----- Dataset records -----

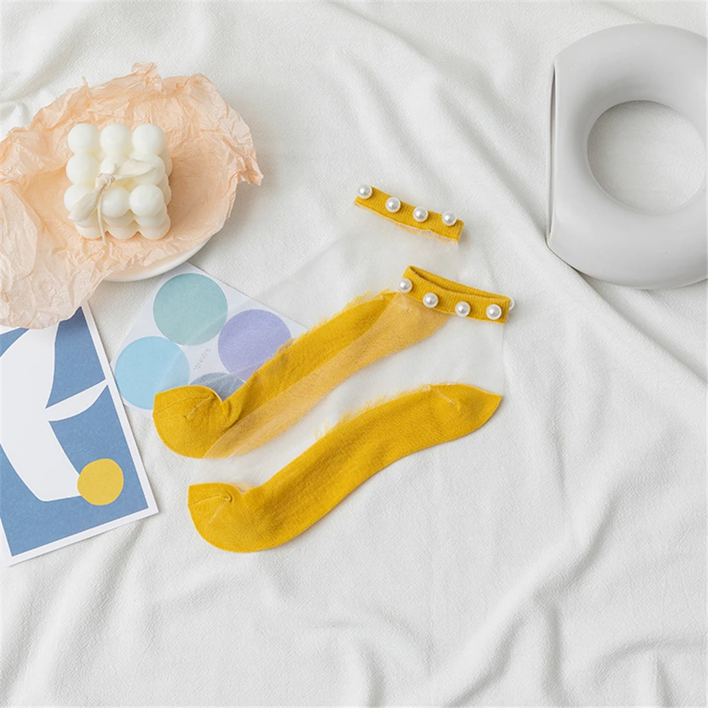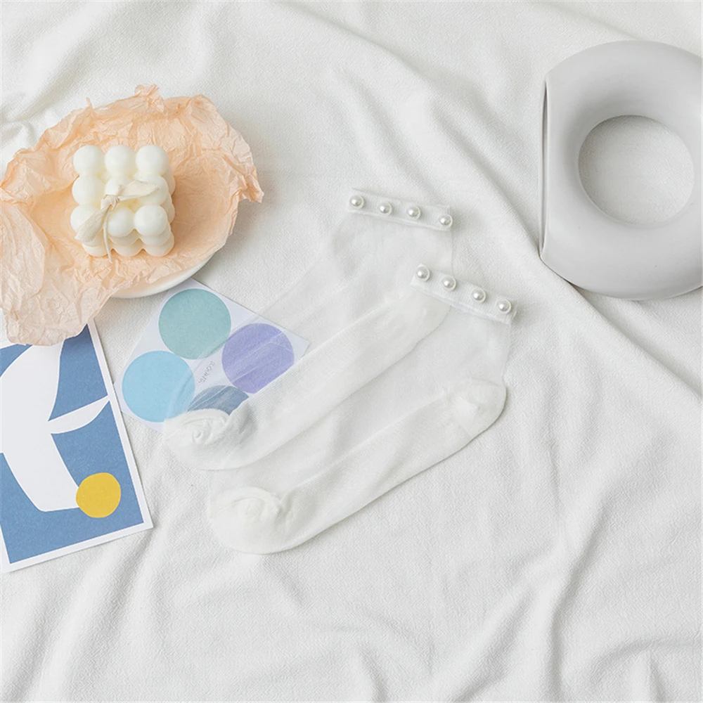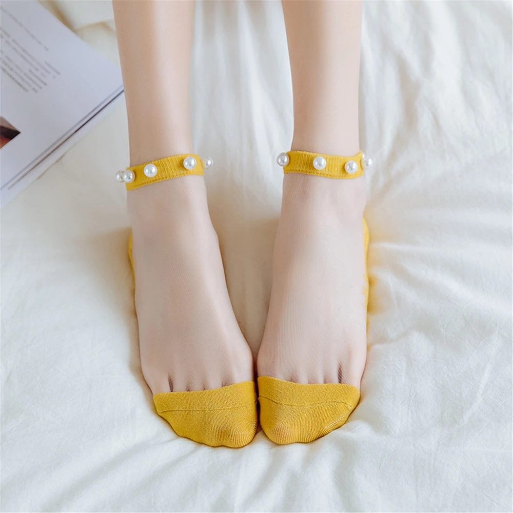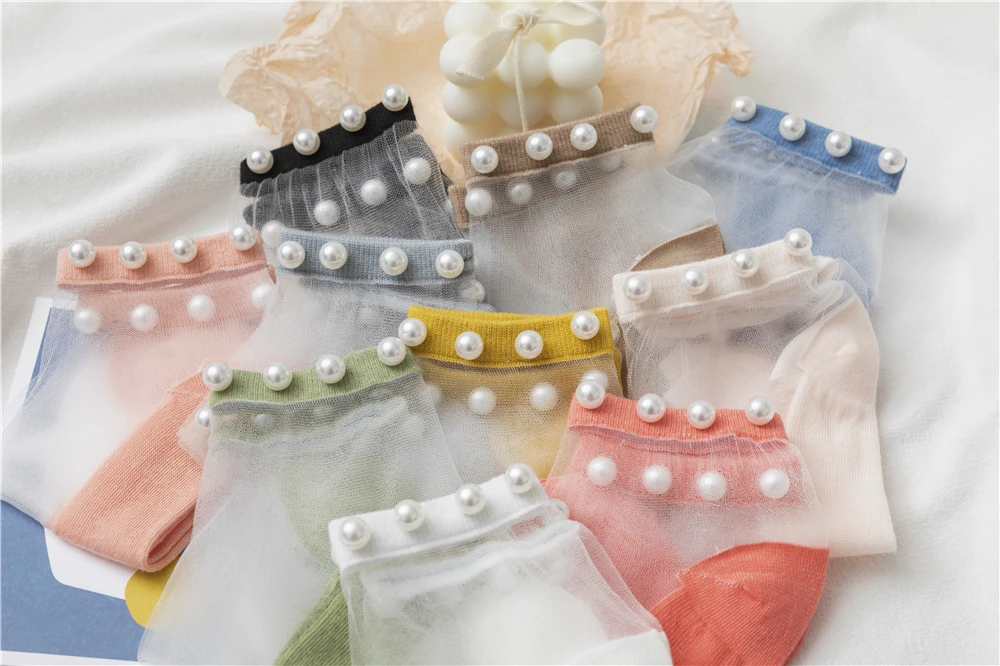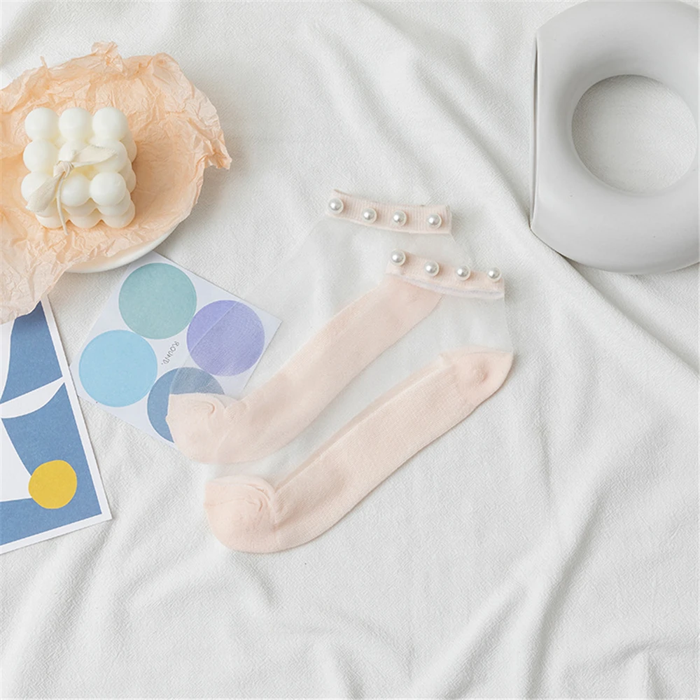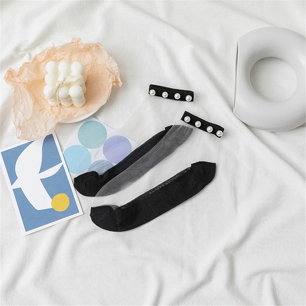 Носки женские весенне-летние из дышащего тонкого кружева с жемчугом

-----
----- Dataset records -----

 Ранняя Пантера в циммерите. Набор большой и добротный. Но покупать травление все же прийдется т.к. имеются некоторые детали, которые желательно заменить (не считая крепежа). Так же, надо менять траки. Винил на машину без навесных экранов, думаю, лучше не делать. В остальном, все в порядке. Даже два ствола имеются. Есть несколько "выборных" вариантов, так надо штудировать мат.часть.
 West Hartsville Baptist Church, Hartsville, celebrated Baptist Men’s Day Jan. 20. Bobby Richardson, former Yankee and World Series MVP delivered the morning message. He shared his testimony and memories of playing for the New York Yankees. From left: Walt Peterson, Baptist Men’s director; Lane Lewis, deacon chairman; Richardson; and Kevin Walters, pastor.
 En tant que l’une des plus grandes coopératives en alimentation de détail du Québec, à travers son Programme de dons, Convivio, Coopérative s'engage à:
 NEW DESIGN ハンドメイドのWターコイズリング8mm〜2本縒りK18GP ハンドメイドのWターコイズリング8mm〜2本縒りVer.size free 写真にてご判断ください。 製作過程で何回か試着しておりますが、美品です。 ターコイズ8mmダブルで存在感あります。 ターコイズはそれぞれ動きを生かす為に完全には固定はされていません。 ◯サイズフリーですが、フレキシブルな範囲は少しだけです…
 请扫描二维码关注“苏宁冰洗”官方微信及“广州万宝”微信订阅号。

-----
----- Dataset records -----

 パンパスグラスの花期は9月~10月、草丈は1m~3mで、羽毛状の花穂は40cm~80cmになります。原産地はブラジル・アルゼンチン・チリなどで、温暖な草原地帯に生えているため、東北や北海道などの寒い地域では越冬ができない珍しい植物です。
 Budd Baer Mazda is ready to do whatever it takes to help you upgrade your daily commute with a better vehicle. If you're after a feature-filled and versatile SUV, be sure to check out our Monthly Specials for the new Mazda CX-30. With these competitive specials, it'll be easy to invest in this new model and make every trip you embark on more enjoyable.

-----

> **Exercise goal**
Looking at the records above, return exactly the lines from the line with "West Hartsville Baptist" to the line with "En tant que", both ends included.

> **Solution for this exercise**
 West Hartsville Baptist Church, Hartsville, celebrated Baptist Men’s Day Jan. 20. Bobby Richardson, former Yankee and World Series MVP delivered the morning message. He shared his testimony and memories of playing for the New York Yankees. From left: Walt Peterson, Baptist Men’s director; Lane Lewis, deacon chairman; Richardson; and Kevin Walters, pastor.
 En tant que l’une des plus grandes coopératives en alimentation de détail du Québec, à travers son Programme de dons, Convivio, Coopérative s'engage à:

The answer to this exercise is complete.